# [SOLVED] the sims 2 installing issues



## RevaAnu

well I just get the spyware off my computer after a bad crash and hard drive replacement. (thanks to the hijackthis thread) and I went to install my sims 2. 

well it gets to 11% and stops. it says 'the sims 2 will install and additional 324 mb of data on drive C:. proceed with install" I click yes. let it do its thing and at 11% I hear the disc drive slow down. it stops on "TSData\Res\Sims3D\Sims13.package" it then says "A problem occurred when trying to transfer the file 'TSData\Res\Sims3D\Sims13.package' from the media. do you want to retry to copy the file, or cancel installation?"

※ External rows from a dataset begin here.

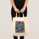 The printing came out very well, better than I had anticipated. The natural color fabric is sturdy with strong seams and comfortable handles. This tote fits easily over my shoulder. As it is filled, the bottom flattens out--very cool! I would buy this product again. This grocery tote holds a lot of groceries! The image quality was very good. The colors were a little darker than I had expected. The darkness may have been due to printing on a natural color fabric rather than on white. The cat design is attractively centered on the tote. The spirit of the design is very lively, just as it appears on the Zazzle website.
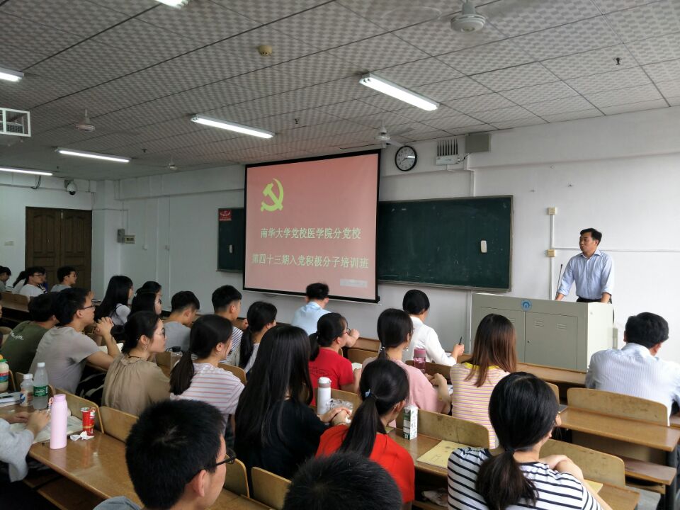 5月5日上午,南华大学党校医学院分校第四十二期、四十三期入党积极分子培训班开学典礼在南华大学红湘校区一教511、512顺利举行。来自南华大学医学院2015级、2016级、2017级、研究生的共391名共青团员开始接受党校的系统培训。医学院院长陈熙,党委书记尹检龙,党委副书记何战胜、刘振中,学生党支部书记佘雅、徐婵娟、李红颖出席了本次开学典礼,典礼由医学院院长陈熙主持。
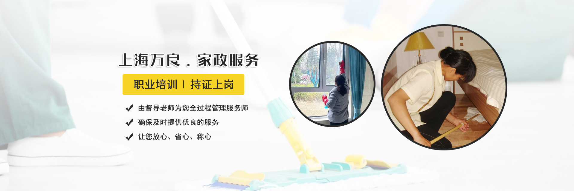 上海万良家政服务有限公司是一家有着十几年家政服务史的经营业绩,聘用的家政从业人员经严格的挑选和系统的职业培训持证上岗,为本地区的广大客户提供了大量的家政服务人才,得到了广泛好评,以本地家政服务人员为主体,信誉好,确保为客户提供放心、专业的家政服务。
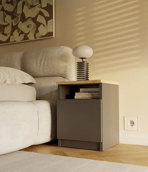 Dotyczy: Szafka nocna do sypialni biała + dąb artisan - Tesox
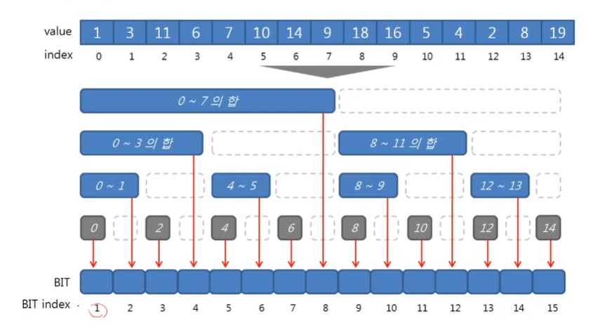 binary indexed tree의 각 인덱스 i의 0이 아닌 마지막 비트가 k이면, 해당 index는 0~k-1번째 원소까지의 합을 저장한다.
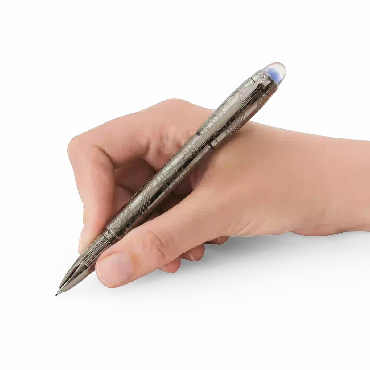 StarWalker SpaceBlue guarda oltre il pianeta Terra e si rivolge alle stelle e alla galassia. Questa nuova collezione StarWalker conferisce un nuovo look al cappuccio e al fusto in metallo, con un design che richiama le intricate strutture del motivo Widmanstätten, una delle creazioni più ipnotiche della natura. Tutte le parti metalliche sono rivestite in rutenio scuro, accompagnate da un sottodomo blu spazio profondo sulla parte superiore del cappuccio, che ricorda le tonalità di un cielo stellato, su cui fluttua l’emblema Montblanc.
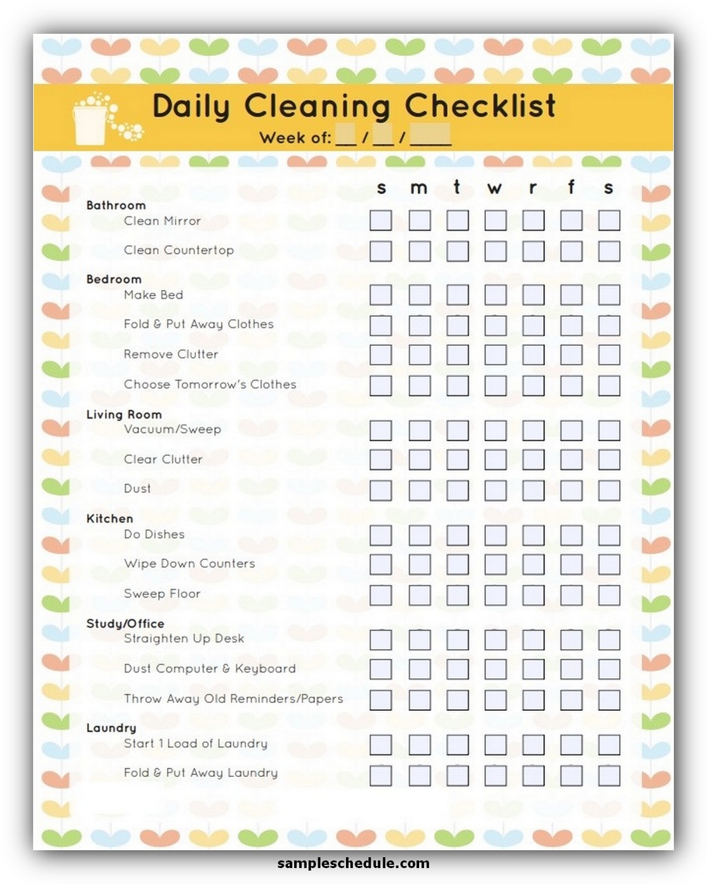 Example Cleaning Schedule Template (Weekly)

so I've hit rety about a dozen times, no dice. I searched the web and tried installing it in safe mode, I've tried copying the files over and installing it from there. it always fails when the compressed folder on disc 1 tries to copy. so it looks like that is my problem. can anyone help me? I miss playing my game lol.


----------



## Indoril Nerevar

*Re: the sims 2 installing issues*

Hi,

If a single specific file is causing the problem all the time, it most likely means your disc is scratched, and there's little you can do, other than buying a new disc. Try installing the game from the same disc onto another computer - if you get the same error, your disc is bad.


----------



## RevaAnu

*Re: the sims 2 installing issues*

I don't have another computer to install it on lol. but thanks for the suggestion. that sux though cause I can't afford to get a new disc.


----------



## Indoril Nerevar

*Re: the sims 2 installing issues*

Are you able to install it on a friend's computer, or a family member's?

You could try getting a disc scratch remover (check your local computer stores and such), but I haven't really found those to work.


----------



## RevaAnu

*Re: the sims 2 installing issues*

the closest person I could is over two hours away. I'll try my scratch removed but I doubt that will work. thank you anyway!


----------



## Indoril Nerevar

*Re: the sims 2 installing issues*

No worries. Good luck - I hope you get it working again.


----------



## RevaAnu

I ran it through my electric disc cleaner and it worked. thanks again for your help!


----------



## Indoril Nerevar

Glad to hear it! Enjoy your game.


----------



## JuggyNinjette

I am having the same problem the sims13.package as well and my disk look brand new no scratches and i called ea and only thing that could tell me was that they didn't know why it was doing it as well and they have been having the same problem with a lot of people calling with the same issue so they suggested it was a bad disk and told me if i send them 13 dollars and mail my set of disks to them they will replace them....i don't want to have to pay again for a game when it is just for 1 file bad on my disk it seems like it is my problem not theirs, it worked before when i installed it so why wouldn't it now? i think it may be a program blocking it or some thing could you please help?


----------



## af3

The one file is not bad, the disc's surface is damaged or unclean. You must be careful with these things. I don't like them either.


----------